In the present invention, the formulation may be selected from the group consisting of tablets, capsules, solutions, injections, ointments and syrups, in the case of formulations of the injections, it may be in the form of solutions, suspensions or emulsions Can be.

Preferred nano hybrid-containing tumor therapeutic pharmaceutical compositions of the present invention may be in the form of sterile injectable preparations as sterile injectable aqueous or oily suspensions. Such suspensions can be formulated according to techniques known in the art using suitable dispersing or wetting agents (eg Tween 80) and suspending agents. Sterile injectable preparations may also be sterile injectable solutions or suspensions (eg solutions in 1,3-butanediol) in nontoxic parenterally acceptable diluents or solvents. Vehicles and solvents that may be used include mannitol, water, Ringer's solution, and isotonic sodium chloride solution. In addition, sterile, nonvolatile oils are conventionally employed as a solvent or suspending medium. For this purpose any non-irritating non-volatile oil can be used including synthetic mono or diglycerides.

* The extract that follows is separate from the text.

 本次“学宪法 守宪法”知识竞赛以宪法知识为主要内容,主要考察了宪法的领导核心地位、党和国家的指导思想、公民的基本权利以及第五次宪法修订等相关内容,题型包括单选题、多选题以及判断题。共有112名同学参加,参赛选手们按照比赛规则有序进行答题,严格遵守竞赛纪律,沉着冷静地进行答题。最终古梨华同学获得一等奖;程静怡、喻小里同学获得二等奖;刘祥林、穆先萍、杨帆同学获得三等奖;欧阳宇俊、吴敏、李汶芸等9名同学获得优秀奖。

Alternatively, in addition to the final preparation for injection or infusion, it may be in the form of a lyophilized or sterile powder, which may be mixed with a solvent, for example water, immediately prior to administration to produce the final preparation for injection or infusion.

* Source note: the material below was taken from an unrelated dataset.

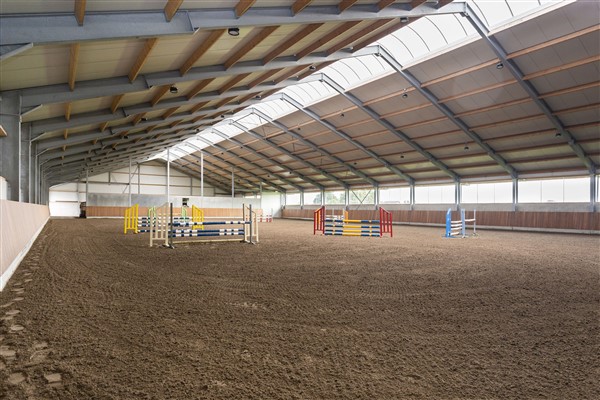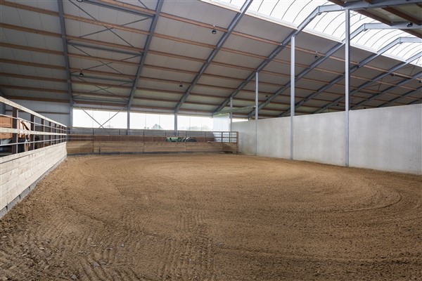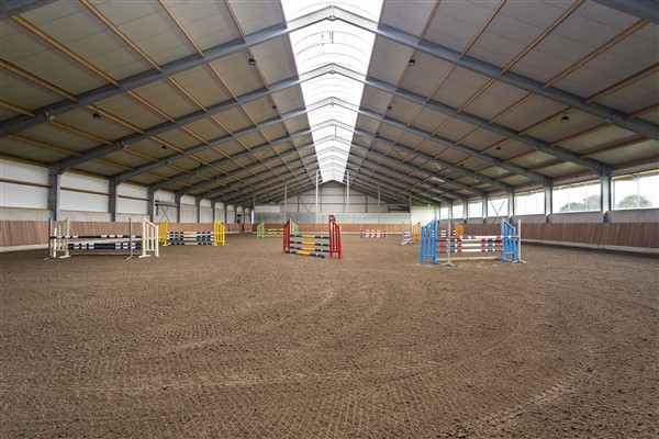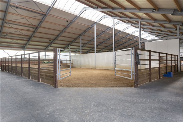 The detached riding hall was built in 2019 and equipped with an indoor arena, a lunging/running arena, 2 stable units with a total of 28 spacious boxes and a canteen with toilet, shower and washing area. The stable units each have a tack room, a washing and a grooming area. The indoor arena (approx. 30x50 m) is equipped with a professional soil, a hardwood box base and plenty of natural light through windows in the side wall and a skylight in the ridge of the roof.

The nanocomposite-containing oncology pharmaceutical compositions of the present invention can be determined by one of ordinary skill in the art based on common patient symptoms and disease severity. It may also be formulated in various forms, such as powders, tablets, capsules, solutions, injections, ointments, syrups, and the like, and may also be provided in unit-dose or multi-dose containers, such as sealed ampoules and bottles. .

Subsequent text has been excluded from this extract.